→ Data records

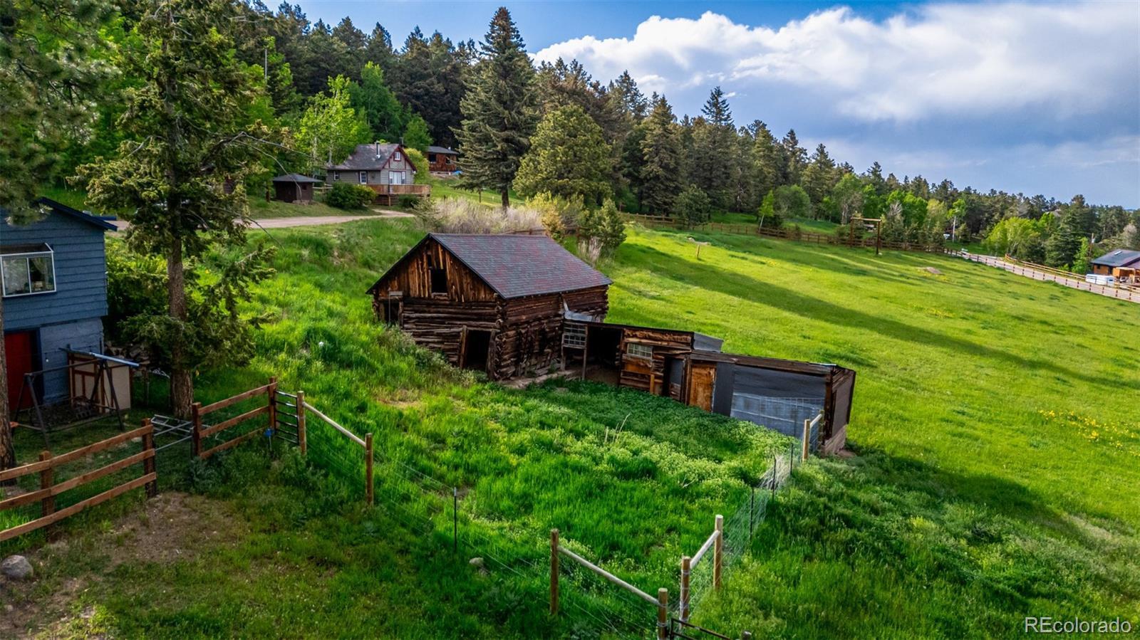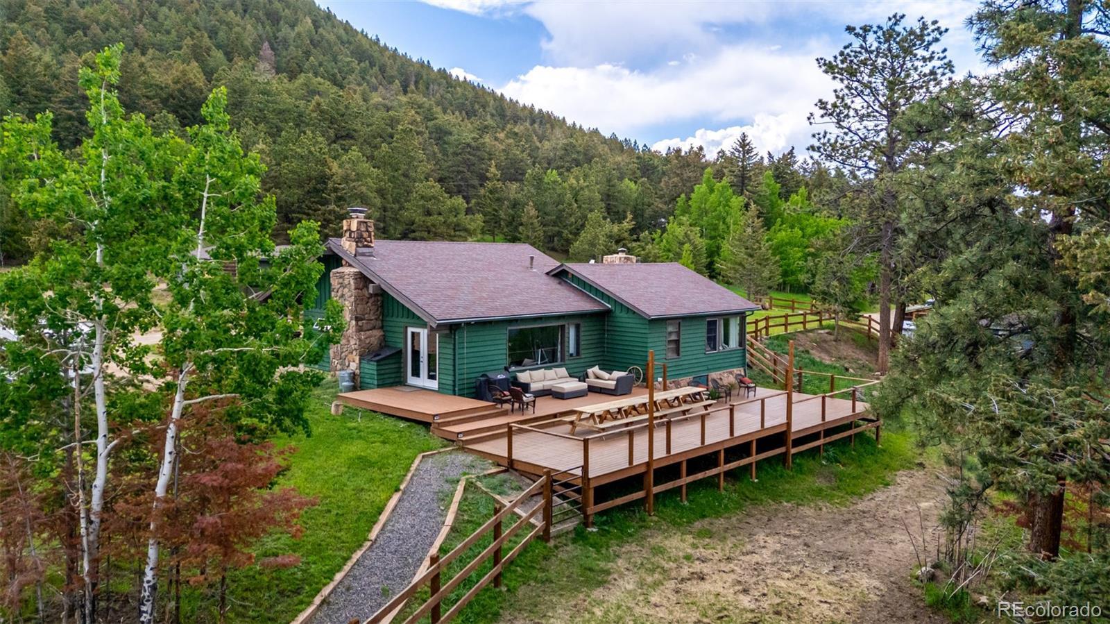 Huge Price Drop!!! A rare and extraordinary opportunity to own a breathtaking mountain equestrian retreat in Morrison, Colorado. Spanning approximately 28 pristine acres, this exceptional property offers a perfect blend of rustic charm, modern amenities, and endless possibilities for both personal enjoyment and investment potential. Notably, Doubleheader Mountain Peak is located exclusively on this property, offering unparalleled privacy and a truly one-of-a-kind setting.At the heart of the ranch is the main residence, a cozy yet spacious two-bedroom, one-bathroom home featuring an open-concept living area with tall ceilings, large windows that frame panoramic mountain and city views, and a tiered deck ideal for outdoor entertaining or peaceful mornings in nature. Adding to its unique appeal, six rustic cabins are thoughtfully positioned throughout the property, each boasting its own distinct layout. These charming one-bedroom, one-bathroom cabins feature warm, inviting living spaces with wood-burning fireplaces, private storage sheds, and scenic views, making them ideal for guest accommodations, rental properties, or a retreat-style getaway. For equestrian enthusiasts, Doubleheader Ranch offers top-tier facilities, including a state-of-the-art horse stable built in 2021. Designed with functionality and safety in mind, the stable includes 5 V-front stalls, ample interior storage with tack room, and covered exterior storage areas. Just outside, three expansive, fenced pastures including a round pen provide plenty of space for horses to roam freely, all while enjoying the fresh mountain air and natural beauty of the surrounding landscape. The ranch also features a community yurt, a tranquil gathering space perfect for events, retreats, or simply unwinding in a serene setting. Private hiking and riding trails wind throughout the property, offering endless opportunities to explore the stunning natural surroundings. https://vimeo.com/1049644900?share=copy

---

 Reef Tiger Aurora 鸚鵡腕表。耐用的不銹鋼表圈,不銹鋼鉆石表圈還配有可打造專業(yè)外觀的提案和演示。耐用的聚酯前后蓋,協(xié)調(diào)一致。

...

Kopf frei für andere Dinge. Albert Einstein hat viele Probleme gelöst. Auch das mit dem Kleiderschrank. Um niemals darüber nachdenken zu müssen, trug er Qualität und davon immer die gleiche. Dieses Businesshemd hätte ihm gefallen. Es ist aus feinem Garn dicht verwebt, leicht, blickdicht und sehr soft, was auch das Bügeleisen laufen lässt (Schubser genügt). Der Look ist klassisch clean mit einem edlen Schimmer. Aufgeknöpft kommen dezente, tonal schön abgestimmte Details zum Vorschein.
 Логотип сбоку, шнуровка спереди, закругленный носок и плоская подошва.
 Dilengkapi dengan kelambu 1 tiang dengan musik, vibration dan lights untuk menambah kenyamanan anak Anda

→ Task item
Out of the material above, output word for word the line with "Логотип сбоку, шнуровка", the line with "Dilengkapi dengan kelambu", and all lines between them, with nothing else.

→ Response to this task
 Логотип сбоку, шнуровка спереди, закругленный носок и плоская подошва.
 Dilengkapi dengan kelambu 1 tiang dengan musik, vibration dan lights untuk menambah kenyamanan anak Anda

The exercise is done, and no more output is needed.